Paul Choi Analyst — Goldman Sachs

You touched on this a little bit, but with respect to the AD landscape, it's very, very dense, very competitive, which I think is a fair assessment. But can you maybe talk about how socolitinib differs versus some of the other AD drugs that are either commercially approved or in clinical development? Then also on the oral side, there are some other oral programs that are out there on the JAK side and STAT6 programs. So maybe can you just walk us through the landscape there?

Jeff Arcara Analyst — CBO

I mean, it is a crowded landscape, but it's going to be a huge market, right? It's a big market now, and it's projected to go to $30 billion and maybe even $50 billion by 2030 or 32. So significant opportunity. Now, there's a lot of drugs in development that are sub-Q. When you look at the pipeline for novel drugs, novel oral drugs, it's actually fairly limited. I mean, you've got us as an ITK inhibitor. Of course, there's STAT6 that you brought up. There's also IRAC4 that's in development. and I think Sanofi has a program there, but that actually, there's been some negative data in AD in the past. So I would say novel oral, not as competitive, but still competitive. So the question is, how would we differentiate from other orals? I think first, the target that we just talked about, so we could be potentially first in class, selective ITK inhibitor coming to market. I mentioned the limited tissue distribution. One thing, they tend to be expressed in a broader set of cells and tissues. So you can find them in the skin, in the lungs, in the GI tract, where again, we have this limited tissue distribution. So we think clinically that should support a good safety profile. You know, I think the other thing is unique about our mechanism of action is that we not only block cytokines, but we also believe that we're modulating or rebalancing the immune system. And what do I mean by that? So not only we block TH17 and the respective cytokines like IL-17, but we've actually shown to be able to shift or switch TH17 cells to become active Treg cells. So in some ways, we're kind of taking our foot off the gas and also strengthening the brakes at the same time. And I think that leads to a third point of potential differentiation. You know, based on working more upstream and this mechanism of action, we actually think we could work in a broader set of patients. And I think there's an example of that in our January data when we released. We had about, I think it was 35% of our patients were on a prior systemic therapy. And actually, we worked very good in those patients and even in patients that had failed prior systemic therapy. So I think we might be able to work in a broader set of AD patients and in a broader set of illnesses and indications as well. That's a number of characteristics of how we could differentiate.

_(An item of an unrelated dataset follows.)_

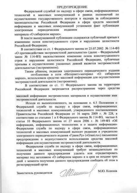 "Просто вражаюча історія з цим "Маршем за федералізацію Сибіру", який проводять в Новосибірську. Навіть не зрозуміло, куди посилання дати, щоб пояснити, що таке цей марш, тим, хто не в курсі (а це майже все). Через локальні заходи місцевих активістів Роскомнадзор влаштував цілу істерику і виніс попередження 14 (!!!) ЗМІ про неприпустимість розміщення інформації про марш. Будь-яке посилання на нього виглядає так",-зазначив Навальний.

Paul Choi Analyst — Goldman Sachs

Since you brought it up, maybe you can recap for us your recent data. You talked a little bit about the population. Roughly a third of them were patients who previously failed the systemic therapy. But can you maybe just compare and contrast how your recent data looks compared to the current standard of care and some of the existing therapies?

Jeff Arcara Analyst — CBO

So we think we have pretty compelling clinical data. You know, when you look at EZ75 and IGA01, we're somewhere between a biologic and JAK level of efficacy. So EZ75 is actually comparable to a JAK placebo-adjusted and IGA01 comparable to a biologic. So we're pretty excited about what we've seen so far, and we hope that we can, you know, replicate that in our phase two trial, which is ongoing, the CR1 trial.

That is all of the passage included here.